*TRY IT*
Output the lines of the records exactly, from the first through the one containing "在AI算力需求持续爆发的当下". Omit all pictures.

*DATA FOR REVIEW*
*** Block opens ***

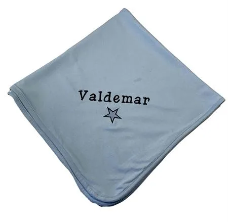Tæppe/Svøb med navn. Lyseblå
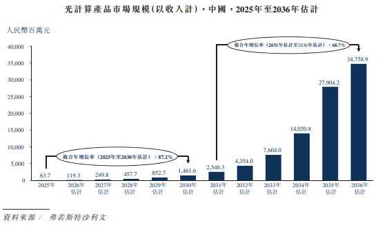 在AI算力需求持续爆发的当下,传统电计算及电互连受限于摩尔定律及物理极限,在成本、可扩展性、性能及能耗方面的瓶颈日益凸显,算力短缺问题愈发突出。而光电混合算力通过更高效的单芯片计算及光互连,直击算力短缺痛点,大幅降低客户计算成本,已成为算力基础设施演进的重要方向,有望推动计算性能实现重大跃升。根据弗若斯特沙利文的资料,中国scale-up光互连市场规模预计将从2025年的人民币57亿元增长至2030年的人民币1805亿元,复合年增长率高达99.6%;中国光计算产品市场规模预计从2025年的人民币63.7百万元增长至2030年的人民币1461.6百万元,复合年增长率达87.2%,长远来看,2031年至2036年期间,光计算产品市场规模将进一步扩张至人民币34758.9百万元,复合年增长率68.7%,赛道增长潜力巨大。曦智科技预计,大约在2035年之后,光计算与电计算产品及解决方案将实现大规模共存,行业将迎来全面爆发期。
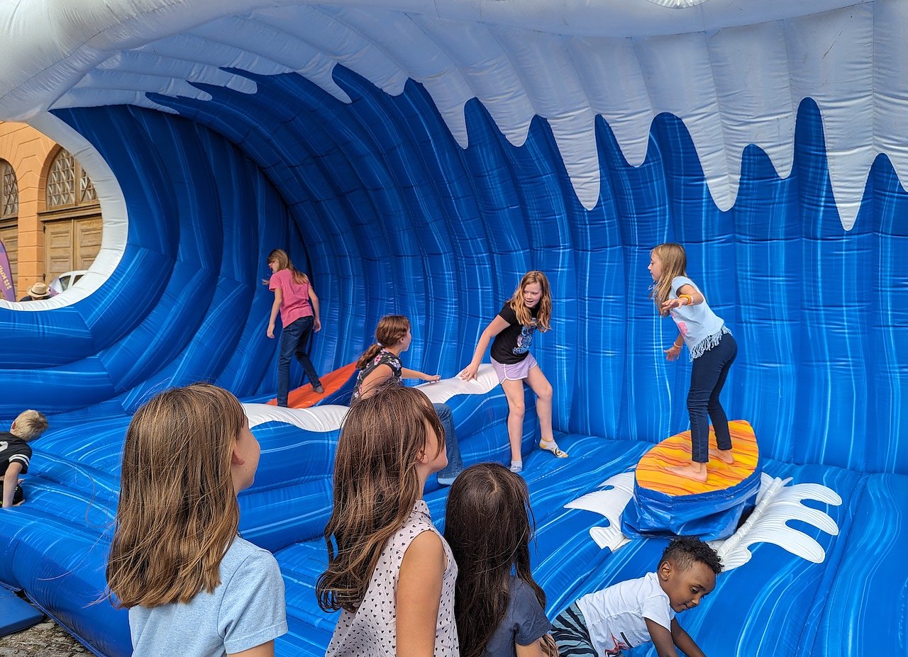 Das Kinder- und Jugendmusikfestival bot für jedes Alter viele Möglichkeiten, sich musikalisch auszuprobieren oder einfach nur den Weltkindertag zu genießen. So war die Chill-Out-Area im Schlosshof immer besetzt, genauso wie der Surf-Simulator, die Riesenmalwand, die verschiedenen Hüpfburgen, das T-Wall Reaktionsspiel, die Stationen des Wassermusikorchesters, die Fotobox, die Bastelstände oder der Virtual Reality Stuhl im Schloss.
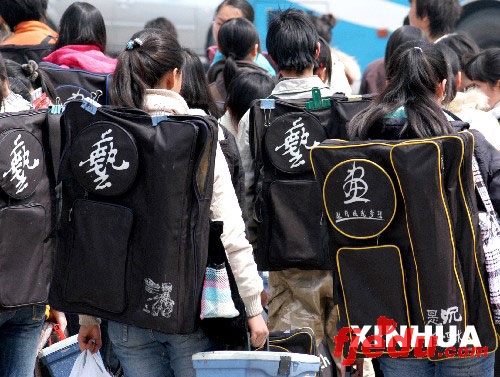 3月25日,考生带着画具进入南京艺术学院考场参加美术专业统考。
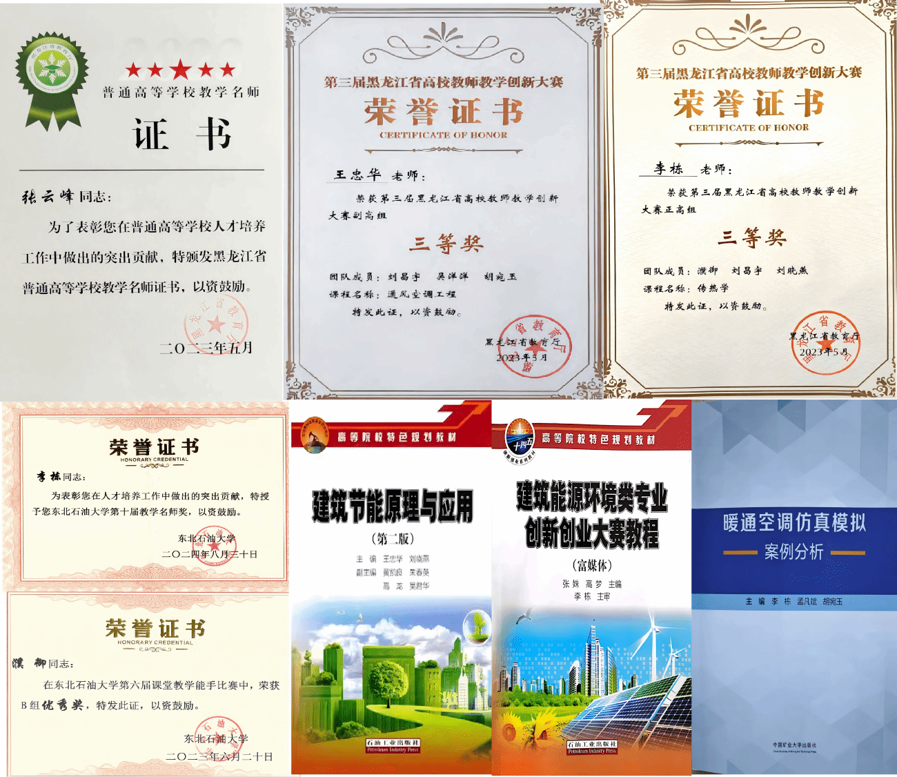 4. 教学成果获得新成绩。新增省教学名师1人、校级教学名师1人、校教学能手1人,获得黑龙江高校教师教学创新大赛奖励2项,新建国家级一流课程1门、省级一流课程1门、省级研究生案例课程2门,出版教材3部。
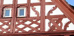 Der Grundriss ist wie damals üblich einmal längs und zweimal quer geteilt. Der obere Fachwerkstock und die drei Dachstöcke kragen jeweils vor. Das Satteldach ist mit Biberschwänzen gedeckt. Die Zierformen des Straßengiebels sind besonders zahlreich in den Dachstöcken mit Andreaskreuzen über liegenden Rauten bzw. über Kreisen. An den Fachwerkstöcken sehen wir Kopfwinkelknaggen beim Fränkischen Mann mit vertieften Augen und Kreissegmenten. Alle Stockwerke haben geschweifte Streben mit Nasen.
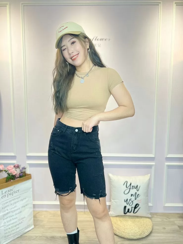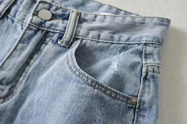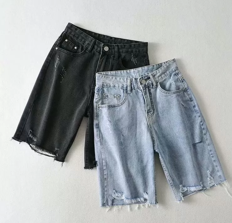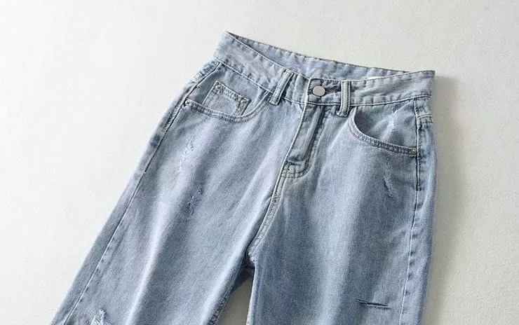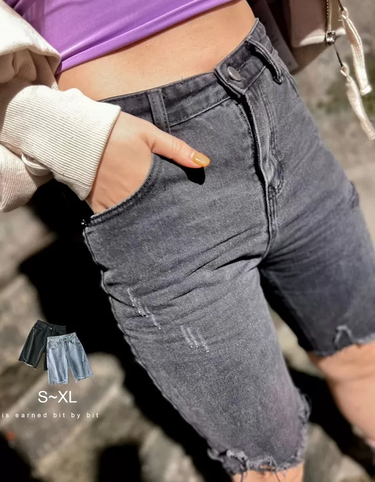 激瘦刷破牛仔五分褲
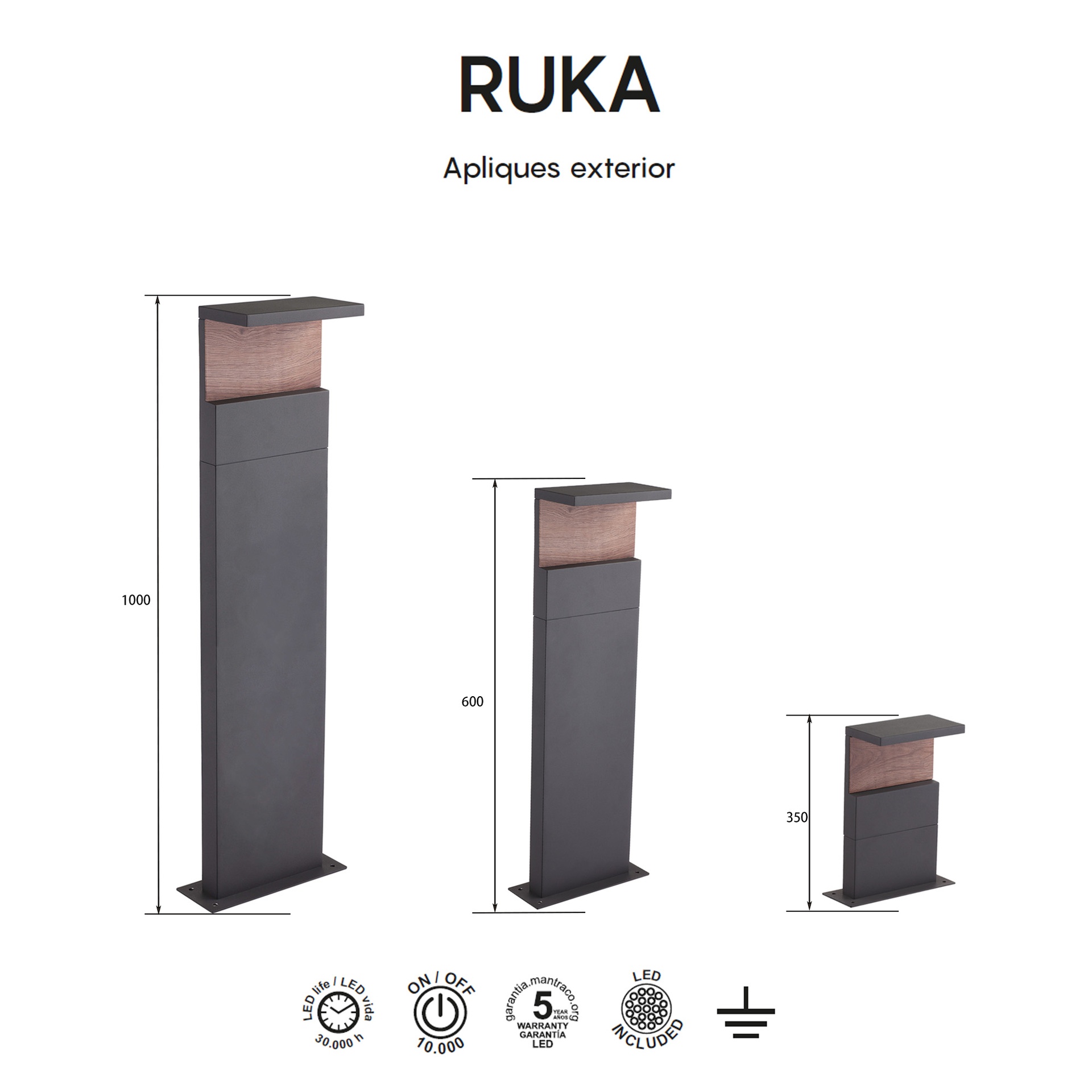 Conçu par MANTRA TEAM, RUKA offre une interprétation contemporaine et technique de l’extérieur. Sa gamme comprend des appliques murales, des bornes d’éclairage et des luminaires muraux, offrant des solutions adaptables à différents espaces. Fabriqués en aluminium/PC et déclinés en finition gris foncé, ces luminaires allient robustesse et style à toutes les applications. Ils intègrent la technologie LED avec des températures de couleur de 3000 K, garantissant confort et efficacité énergétique. Certifiés IP54 et IP65, ils conviennent à une utilisation en extérieur et garantissent des performances stables même dans des conditions difficiles. RUKA allie esthétique raffinée et performances techniques de haut niveau.
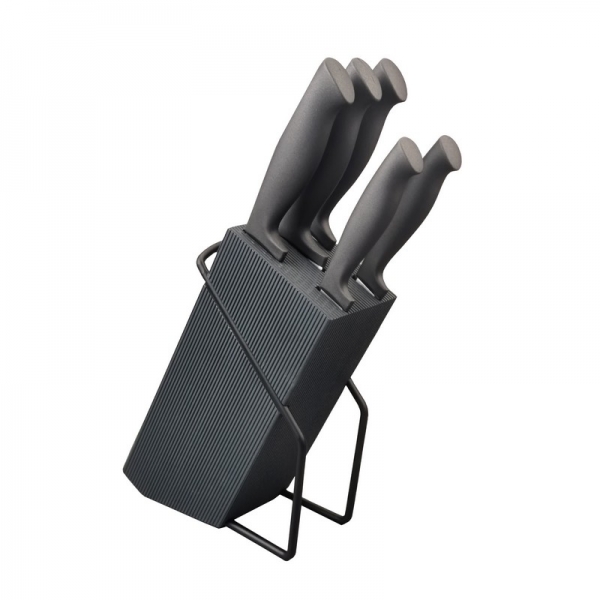 Le manche soft offre un toucher doux et agréable, réduisant la fatigue lors des longues sessions de préparation. Son ergonomie assure une maîtrise parfaite du geste, même en conditions humides. Le bloc, au design contemporain, s’intègre harmonieusement dans toutes les cuisines, du style moderne au plus traditionnel.
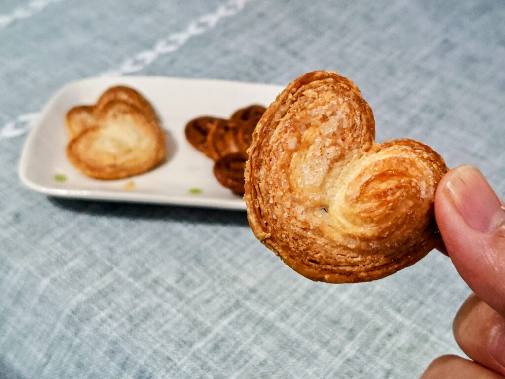 パルミエ(Palmier)は、フランス発祥のハート型(またはヤシの葉型)をしたパイ菓子でパイ生地に砂糖をまぶして折り込み、焼き上げたもので、『ヤシの木(シュロ)』を意味し、その形が由来です。

*** Block closes ***

*EXERCISE RESPONSE*
Tæppe/Svøb med navn. Lyseblå
 在AI算力需求持续爆发的当下,传统电计算及电互连受限于摩尔定律及物理极限,在成本、可扩展性、性能及能耗方面的瓶颈日益凸显,算力短缺问题愈发突出。而光电混合算力通过更高效的单芯片计算及光互连,直击算力短缺痛点,大幅降低客户计算成本,已成为算力基础设施演进的重要方向,有望推动计算性能实现重大跃升。根据弗若斯特沙利文的资料,中国scale-up光互连市场规模预计将从2025年的人民币57亿元增长至2030年的人民币1805亿元,复合年增长率高达99.6%;中国光计算产品市场规模预计从2025年的人民币63.7百万元增长至2030年的人民币1461.6百万元,复合年增长率达87.2%,长远来看,2031年至2036年期间,光计算产品市场规模将进一步扩张至人民币34758.9百万元,复合年增长率68.7%,赛道增长潜力巨大。曦智科技预计,大约在2035年之后,光计算与电计算产品及解决方案将实现大规模共存,行业将迎来全面爆发期。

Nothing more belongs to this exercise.